Jones knows most of this. He encountered some harsh realities while growing up in southwestern Georgia, near the Alabama border.
"The tragedy that happened, man, is never going to change," said Jones. "I'm still devastated through it."
Jones was 15 when his older brother – his "best friend" who had turned 19 that day – was murdered during an argument outside a bar.
"My family took a lot of fall from it, being that's my oldest brother, my mom's oldest child," Jones said. "It happened on some humbug, something that should never have happened. He was just in the wrong place at the wrong time. It was one of those bad situations.
"I've grown over it. I turned it into a positive as best as I could. Even to this day I still talk to my brother. I just ask him to watch over me. I know he is. If he was here he'd be extremely proud of me."
Within a half year of the murder, a troubled Jones was kicked out of two schools and was forced to find education outside of Stewart County. He had become friends with a counselor on the basketball team and moved into her home about 35 miles north in Columbus, Ga.
Shelley Stephens became Jones' legal guardian and she steered him through Carver High and to USC, from where Jones had to leave after one year because the school wouldn't clear him physically.
Jones' well-chronicled problem with spinal stenosis had given USC officials pause, so he transferred to Georgia and ended up with the Steelers, where he looks, speaks and acts like the last person to have been kicked out of an entire county some eight years ago.
"I think everything that happened to me, and growing up seeing what I've seen, has matured me," Jones said. "My brother getting killed, me getting kicked out of school, me going to USC, them telling me I would never play football again. I was 2,000 miles away from home with nobody there to support me. The coaching staff that recruited me was gone, so I was basically out there at USC by myself, so I had to mature a whole lot.

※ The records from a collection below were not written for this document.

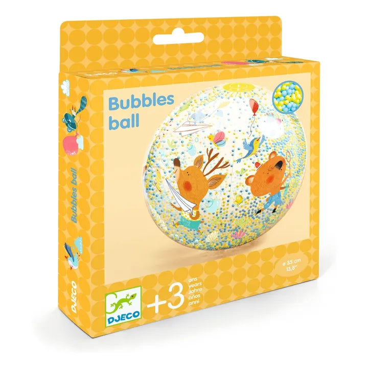 Bubbles ball is a lovely, light, easily transportable inflatable ball measuring 35 cm in diameter with bubbles and playground-themed illustrations. The filling makes it perfect for children, who will be captivated by the moving colored beads. Perfect for use indoors or outdoors.
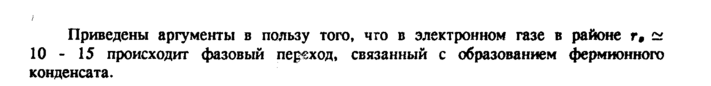 Приведены аргументы в пользу того, чго в электронном газе в районе г, ~ 10 15 происходит фазовый переход, связанный с образованием фермионного конденсата.
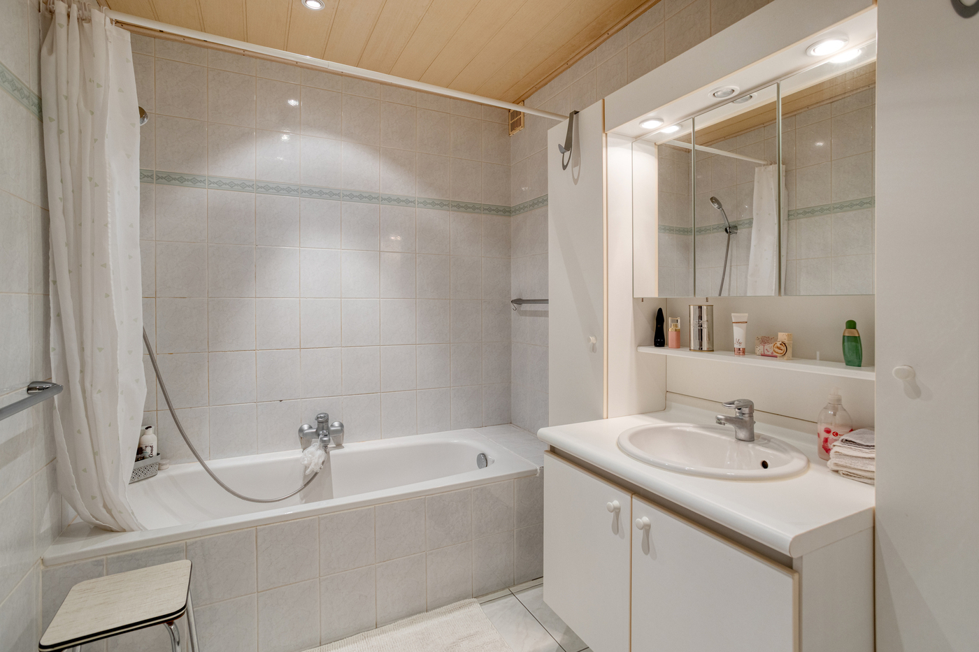 De betegelde badkamer is voorzien van een ligbad en een lavabomeubel met wastafel.

"And I don't know, man, I've always been before my time, even my family looked up to me like I'm one of the oldest in the family even though I'm one of the youngest. I was just always mature. I always made some of the best decisions and tried to surround myself with positive people, so when I had to go through a situation, I could go talk to them and get a positive answer from them. I've just always been like that."
And one of those positive people right now is Foote, who made his way through a rough Detroit upbringing to become one of the real leaders of these Pittsburgh Steelers.

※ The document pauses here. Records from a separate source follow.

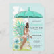 Convite de chuveiro de lingerie bridal apresenta flor tropical azul de ovo de robin e azul turquesa, guarda-chuva e noiva afro-americana a ser. Disponível com cabelo loiro, castanho e ruivo e pele clara e escura.
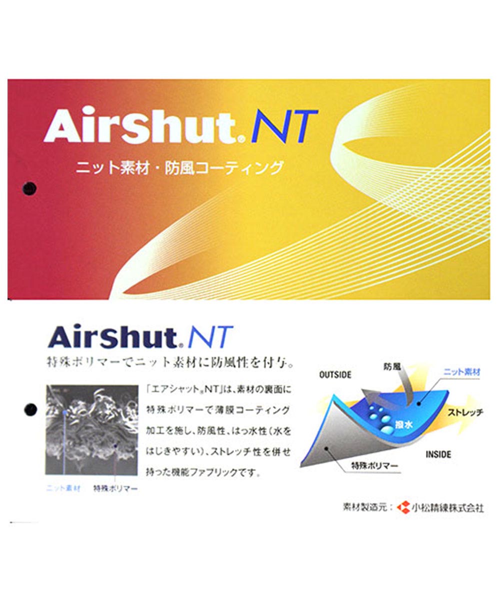 エアシャットNTは素材の裏面に特殊ポリマーで薄膜コーティング加工を施し、防風性、はっ水性(水をはじきやすい)、ストレッチ性を併せ持った機能ファブリックです。
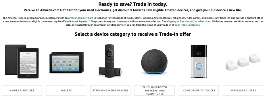 当然你也可以像在eBay上那样,直接在Amazon上卖自己的物品。如果嫌麻烦,就直接用他们家的trade-in,操作简单,两天时间可以搞定。返还的信用分可以直接在Amazon上买你需要的物品。所以,比起其他具体品牌如Dell、Apple、HP的trade-in,获取的信用分更容易支配。
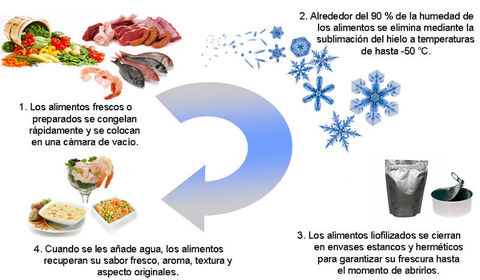 El proceso de liofilización era empleados por los Incas. El procedimiento ancestral consistía en dejar por la noche que los alimentos se congelasen por la acción del frío de los Andes y gracias a los primeros rayos de sol de la mañana y la baja presión atmosférica de las elevadas tierras andinas, se producía la sublimación del agua que se había congelado. Este proceso se conoció como liofilización natural.
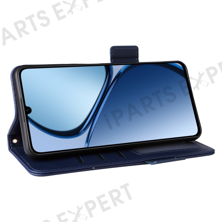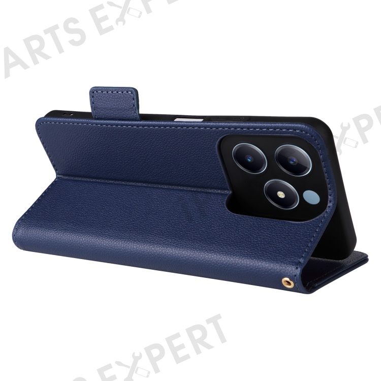 For Realme Note 60x 4G / C63 4G / C61 4G / Narzo N63 4G Case with Wrist Strap Litchi Texture PU Leather Wallet Phone Cover - Dark Blue
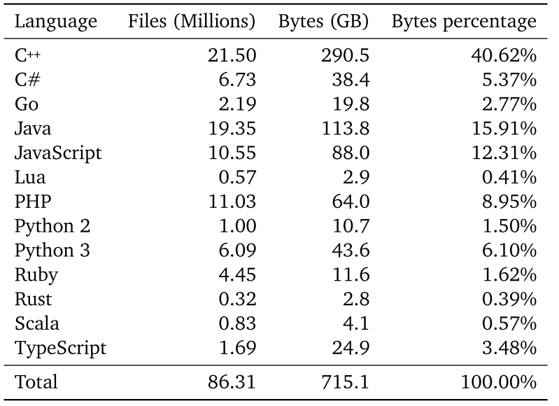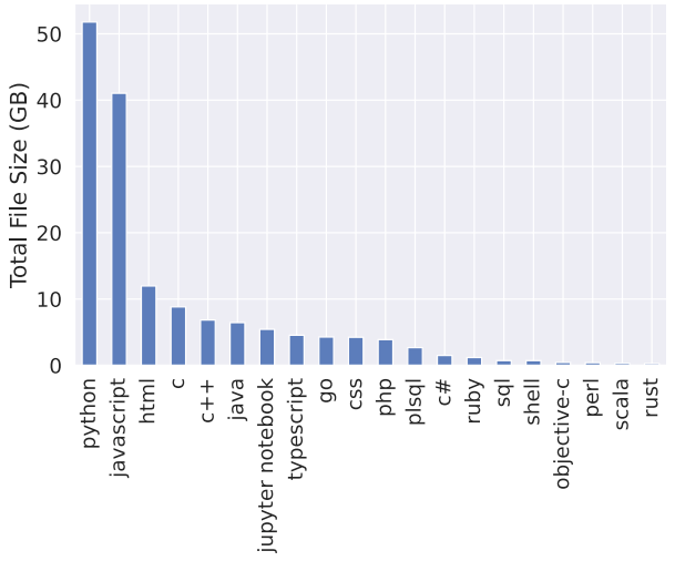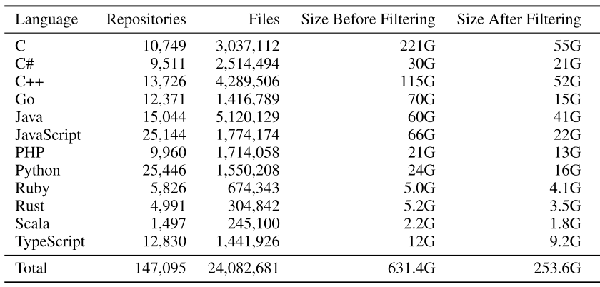 - Data: GitHub repos including several popular languages. It follows Codex to filter out all files larger than 1MB or with lines longer than 1000 characters, to exclude automatically generated code. It also remove duplicates of the same file, ignoring whitespace in comparisons. It has 715.1GB code intotal.
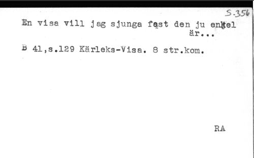 //// En visa vill jag sjunga fast den ju enRel //// är... //// R 41,s.129 Kärleks-Visa. 8 str.kom. //// - //// * //// RA ////
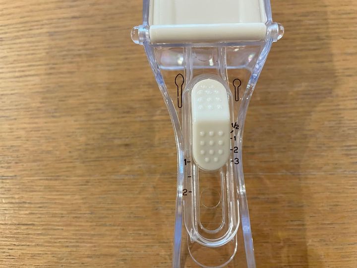 調節レバーを横から見ると、中心部分が山のように盛り上がっていて、そこに線があるので、その線を大さじや小さじの目盛に合わせます。
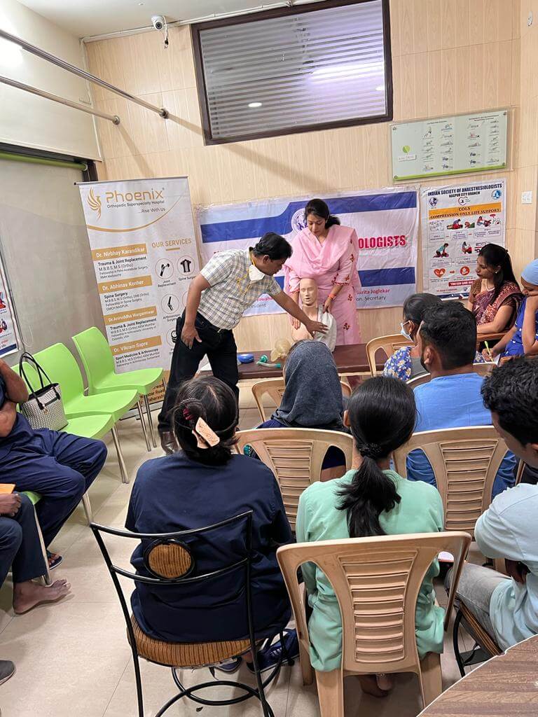 Indian Society of Anesthesiologist Nagpur City Branch conducted a BCLS activity for the doctors and staff of Phoenix hospital, Ramdaspeth Nagpur on 15th April.2022 from 2pm to 3pm.
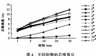 从图中可看出,1、4、7试样的芯吸高度明显高于其他织物,可见珍珠纤维/棉、莫代尔/棉、纯莫代尔织物的吸湿性优良,再生纤维素纤维与棉混纺的针织物有着良好的吸湿性能;纯珍珠纤维、珍珠纤维/棉织物均优于粘胶织物,5、8、9、10、11试样的吸湿性相差不大,2、3芯吸效应最差。
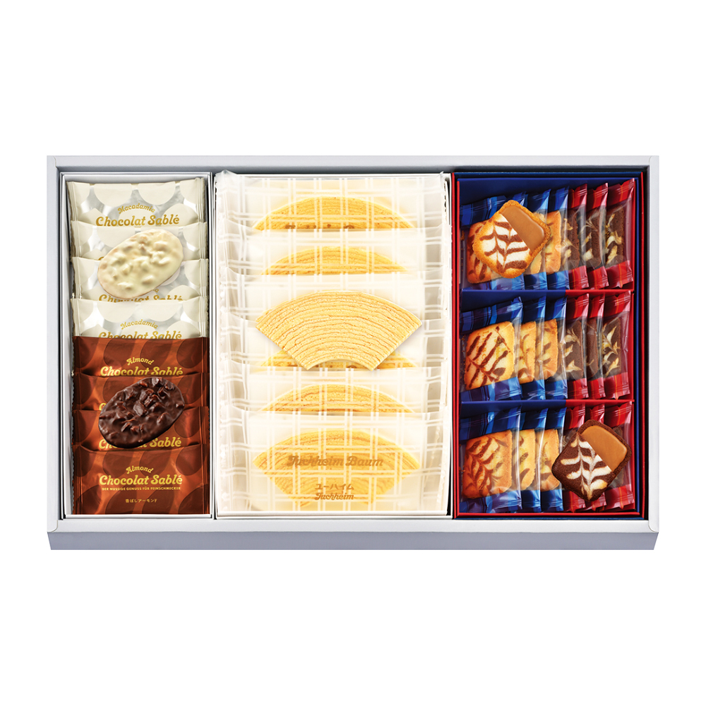 ユーハイムバウム×6、サンドクッキー×18、ショコラサブレ(アーモンド・マカダミアナッツ)各4

Foote not only gave Jones the bad-neighborhood pep talk at just the right time, he was prescient enough to give Jones some financial advice a few days before the rookie was given a check for $4.7 million.
"I told him to save it, handle it like it's your last contract, handle it like – God forbid – you get a career-threatening injury and this is it," said Foote. "This is how you've gotta live. Don't be looking down the road like, ‘I can spend this; I'm going to make this.' And keep your friends at a distance. Don't give nobody no money. Bottom line."
Jones, though, might have the better bottom line:
"I grew up around my grandma all the time when I was young. I listened to a lot of blues – Johnny Taylor, some of that old stuff. I watched a lot of gospel stuff, and just paid attention. I'm one of those guys who if I see three or four old men sitting over there I'm going to sit with them. Knowledge is power, man. I'm always willing to learn and hear different things. That's what God gave me as well. I'm very thankful. Things have been going great for me in my life. I'm surrounded by so many great people who just keep blessing me."